# Source data

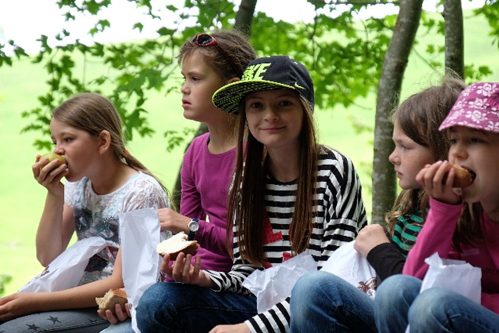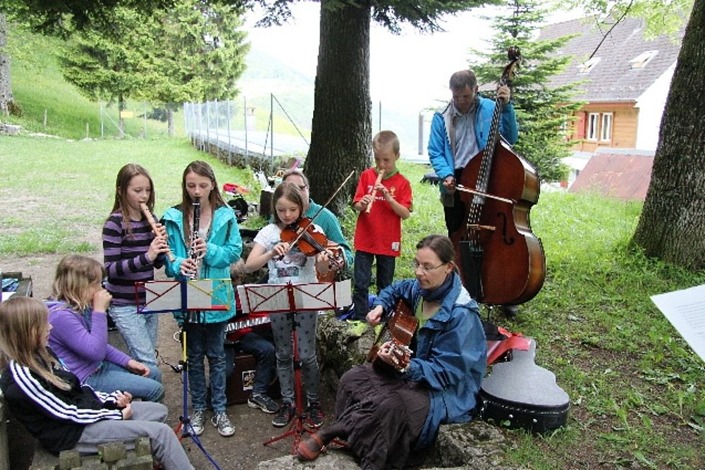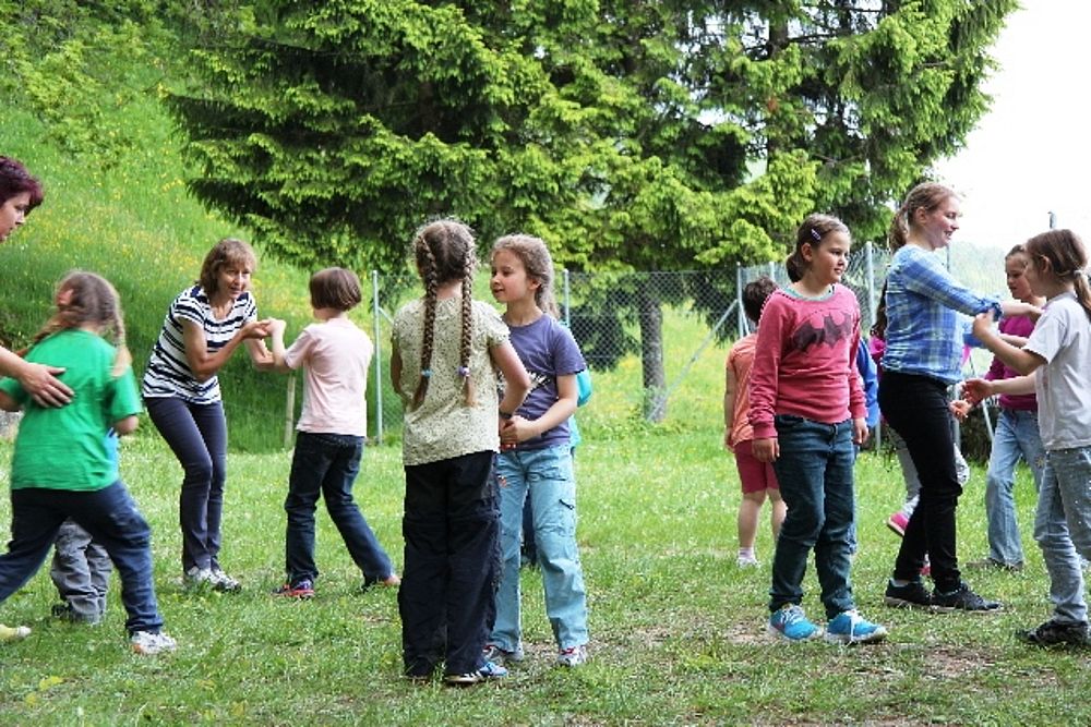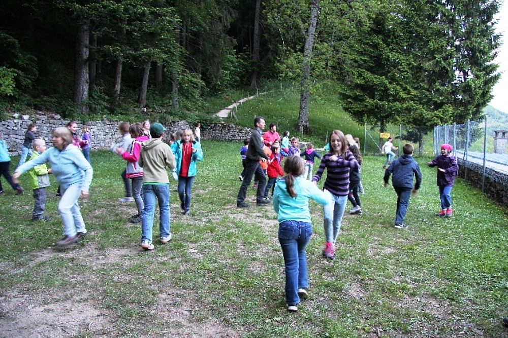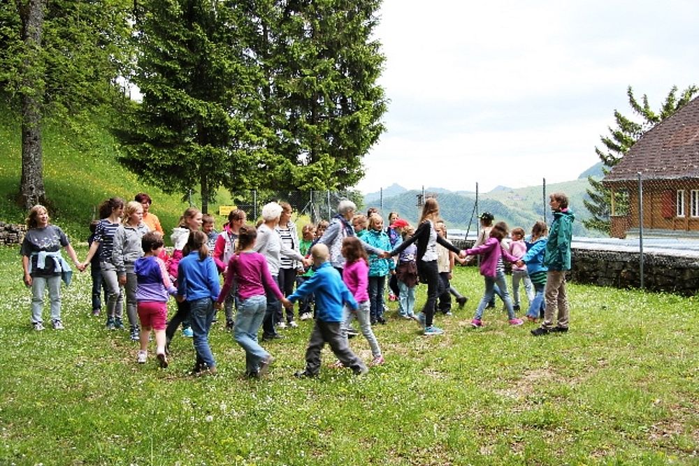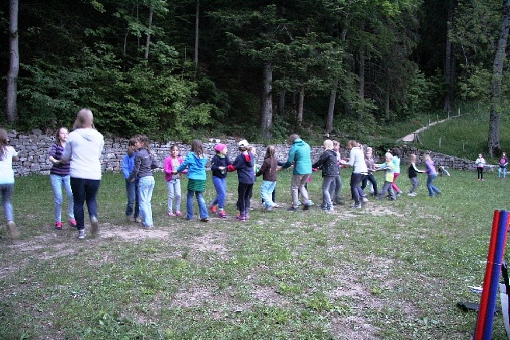 An einem lauschigen Waldplätzchen genossen alle ihr Picknick und freuten sich über den leichter gewordenen Rucksack. Am Ziel angelangt fanden alle ohne grosse Diskussionen in einem der vorbereiteten Zimmer eine Schlafgelegenheit im Kreise ihrer Tanzfreunde und -freundinnen. Nach dem Beziehen der Zimmer waren alle für eine erste Tanzrunde bereit. Die Polonaise auf der Spielwiese mit Live-Musik durch Örgeli und Bass war eine unbeschwerte Eröffnung unserer gemeinsamen Wochenendstunden. In zwei Altersgruppen mit 18 sieben bis neun jährigen Kindern und 17 Jugendlichen im Alter von zehn bis siebzehn Jahren tanzten wir draussen auf zwei Plätzen weiter in den Nachmittag hinein.
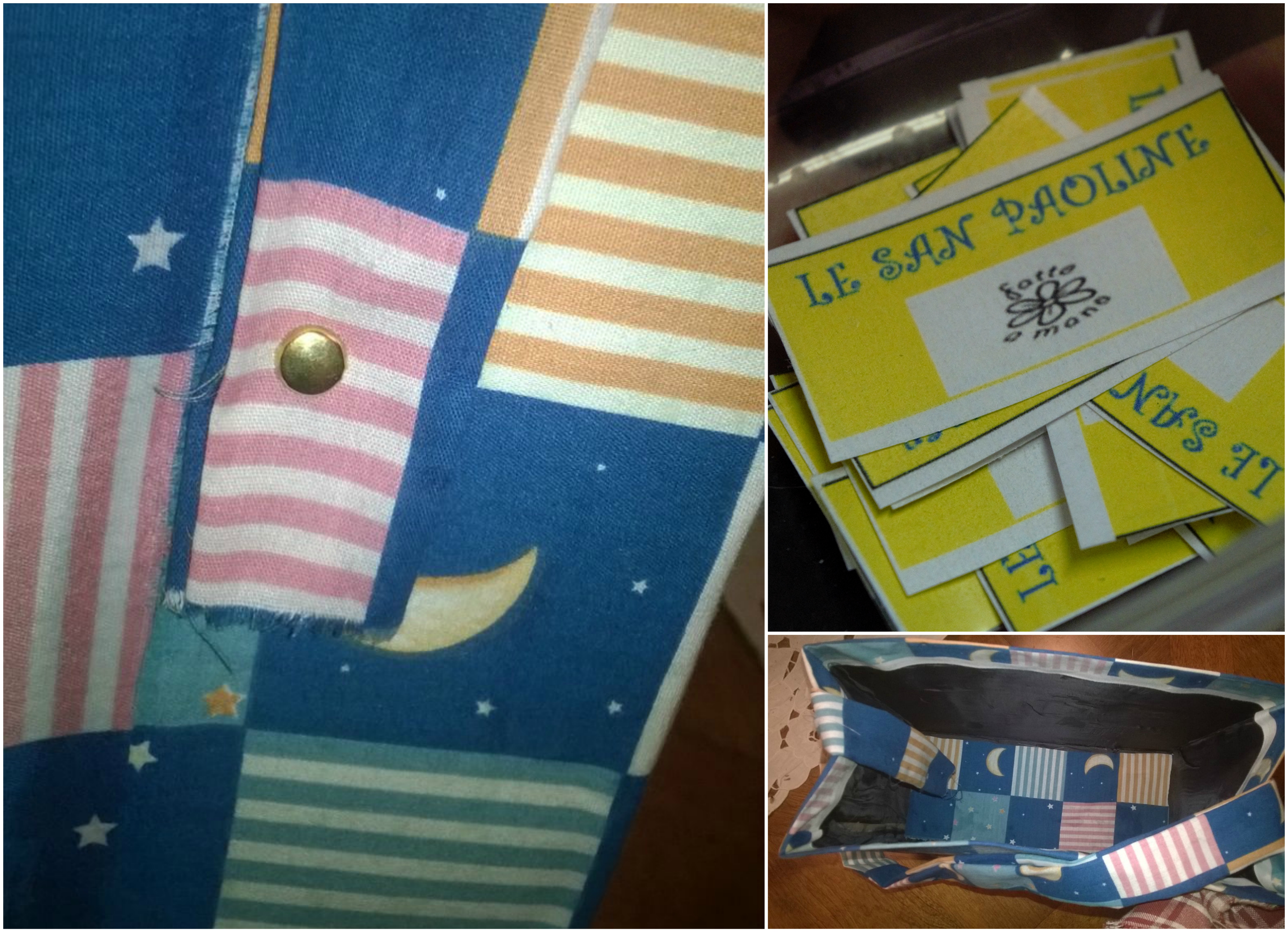 Per concludere potete incollare un’etichetta personalizzata stampata al computer su della semplice carta (ma anche scritta a mano), e dopo plastificata, nel caso aveste la pastificatrice in casa, (nella foto in alto: “le San Paoline”). Basterà incollare anch’essa con la vinavil all’interno della borsa.
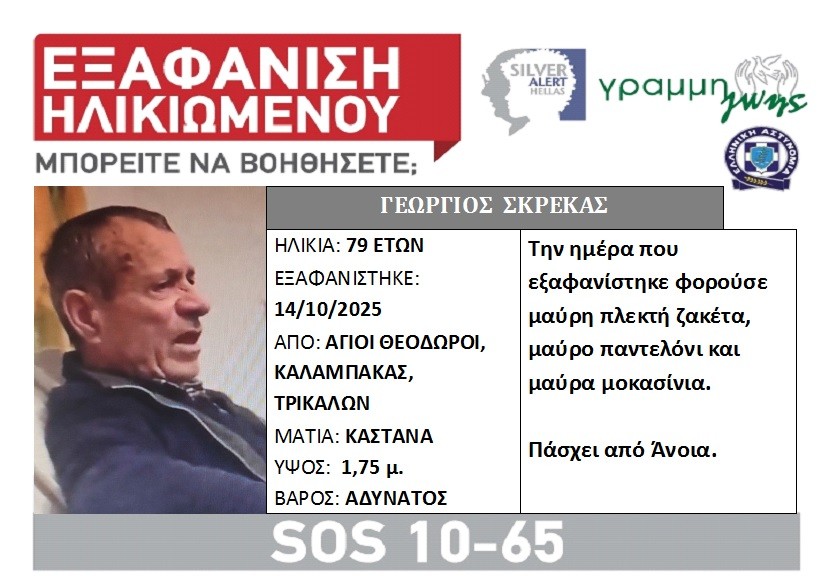 Ο Γεώργιος Σκρέκας που αγνοείται απο το πρωί της Τρίτης 14 Οκτωβρίου, είναι 79 χρόνων και η κατοικία του βρίσκεται στους Αγίους Θεοδώρους Καλαμπάκας, Τρικάλων.
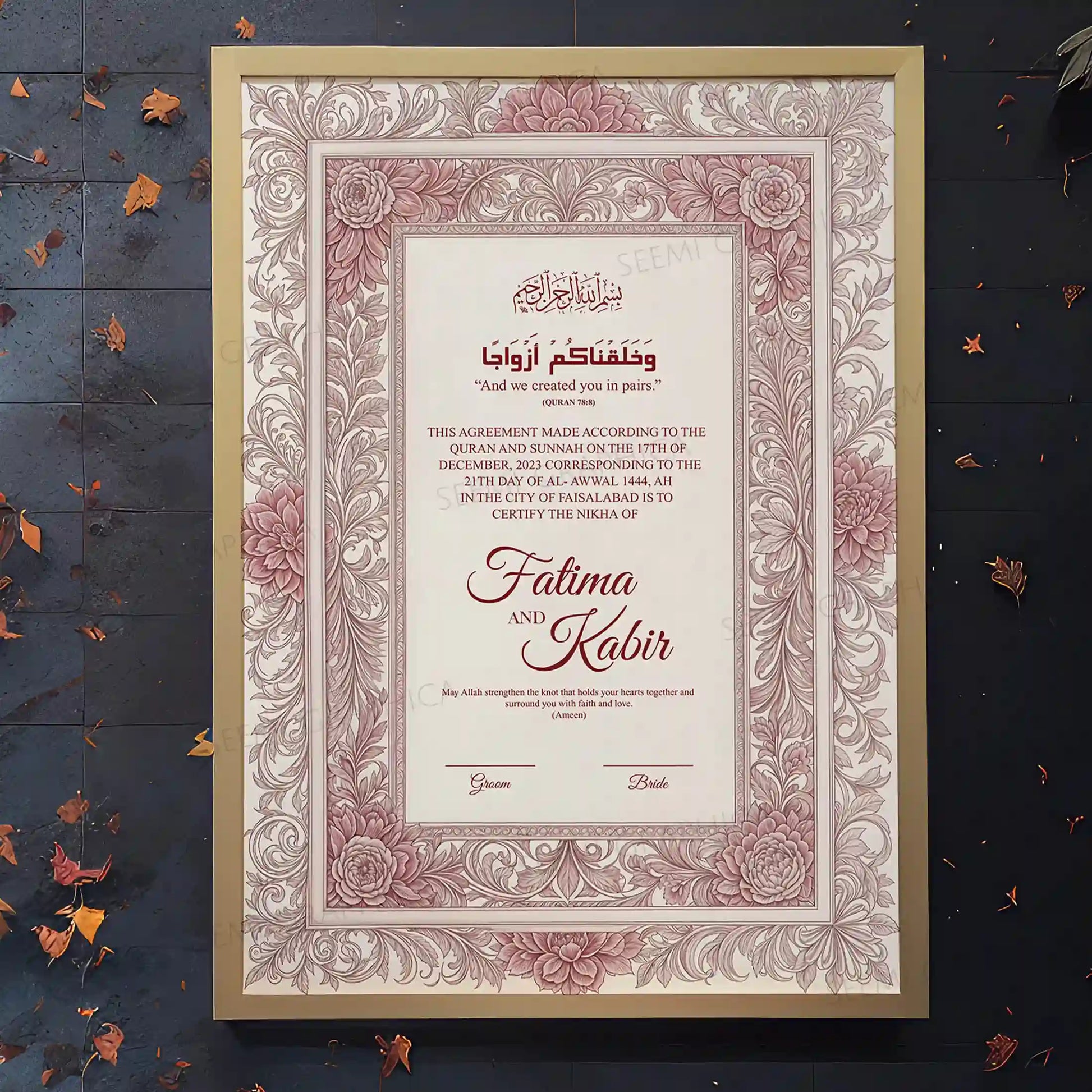 Personalized for You β Add your names and Nikah date.

# Your assignment
Your copy should hold only the lines from the one containing "Per concludere potete" through the last line of the listing, both included, retyped exactly and free of pictures.

# Answer to the exercise
 Per concludere potete incollare un’etichetta personalizzata stampata al computer su della semplice carta (ma anche scritta a mano), e dopo plastificata, nel caso aveste la pastificatrice in casa, (nella foto in alto: “le San Paoline”). Basterà incollare anch’essa con la vinavil all’interno della borsa.
 Ο Γεώργιος Σκρέκας που αγνοείται απο το πρωί της Τρίτης 14 Οκτωβρίου, είναι 79 χρόνων και η κατοικία του βρίσκεται στους Αγίους Θεοδώρους Καλαμπάκας, Τρικάλων.
 Personalized for You β Add your names and Nikah date.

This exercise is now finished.